Translators have worked on governmental, religious, and literary projects since ancient times.
Traditionally, documents were translated from scratch or based on earlier versions by individuals or teams.
For example, 6 groups making up a total of 47 academics and clergymen translated the King James Bible, published in 1611.
In recent history, commerce has been the field where most translators have found work. Commercial and other types of globalization have in turn led to an increasing number of capable linguists, as well as a large and varied market for their skills, too.
Education has increased translators’ abilities further. Universities around the world now have translation studies courses and other professional bodies offer linguistic training and certification.

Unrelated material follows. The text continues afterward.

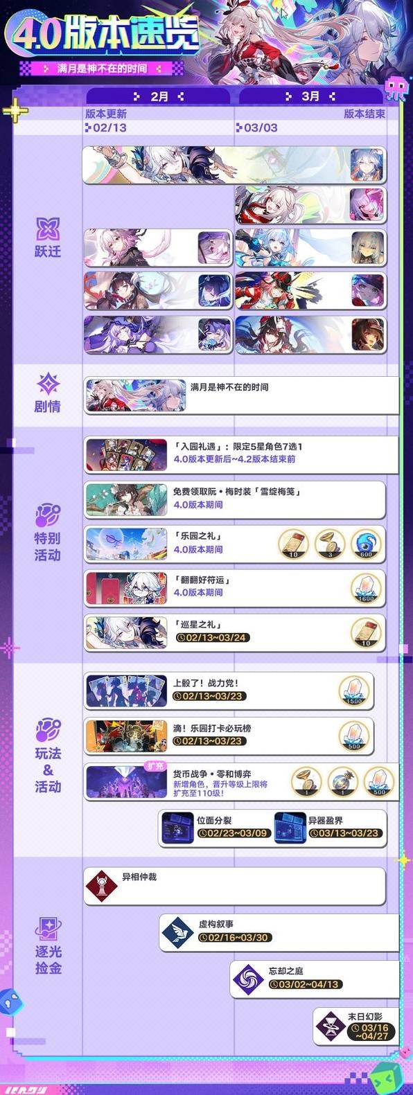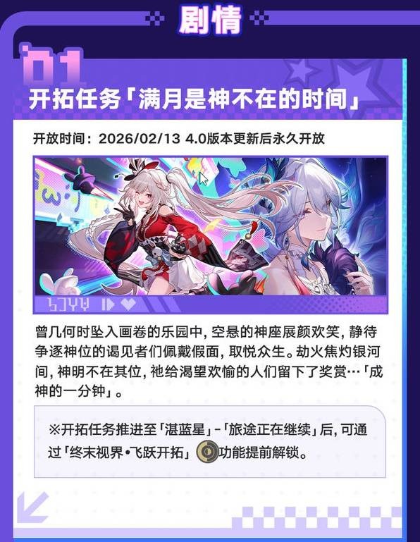 崩坏星穹铁道4.0版本[满月是神不在的时间]在2月13日正式上线,全新活动跃迁、登陆特别活动也同步实装。作为大版本的4.0版本将为玩家带来海量的更新内容,那么下面就让小编带大家看看4.0版本更新的详细内容吧。

How does human translation work?
Nowadays, the translation process has been improved by general quality assurance processes and best practices, as well as computers and specialist translation technology.

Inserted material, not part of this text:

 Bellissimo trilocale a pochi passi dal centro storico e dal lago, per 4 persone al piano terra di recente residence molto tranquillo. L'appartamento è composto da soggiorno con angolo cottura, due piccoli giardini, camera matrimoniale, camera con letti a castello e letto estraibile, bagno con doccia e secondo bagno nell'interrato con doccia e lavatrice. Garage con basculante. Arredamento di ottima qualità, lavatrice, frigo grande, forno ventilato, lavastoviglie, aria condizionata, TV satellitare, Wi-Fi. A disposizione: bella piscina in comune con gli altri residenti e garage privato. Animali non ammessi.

Many translators work as freelancers or employees of translation companies or language service providers (translation companies that also provide other language services).
They generally work in an office or remotely on projects overseen by translation project managers and aided by translation software, proofreaders, desktop publishing (DTP) specialists, and other language service workers.
They are also increasingly engaged in localization (adapting translation for different cultures) and transcreation (creative translating/copywriting also aimed at adapting to different markets) work, too.
What is machine translation?
Machine translation (sometimes referred to as MT) is a name for software systems used to translate text between languages.
It is a complex and fast-evolving field with a history dating back to the 1950s. At present, there are many different models for it. These include:
- Example-based machine translation uses machine learning on parallel texts in two languages to build its capabilities
- Hybrid machine translation uses two or more MT systems within an overriding translation process framework
- Neural machine translation (NMT) uses neural networks(computer systems designed to mimic brains) to predict sentence outcomes
- Rule-based machine translation uses the input of linguistic rulesets
- Statistical machine translation uses large bodies of bilingual texts (such as law books) to build models about the most likely translation
In the translation industry today, the consensus is that neural machine translation has the most potential for growth.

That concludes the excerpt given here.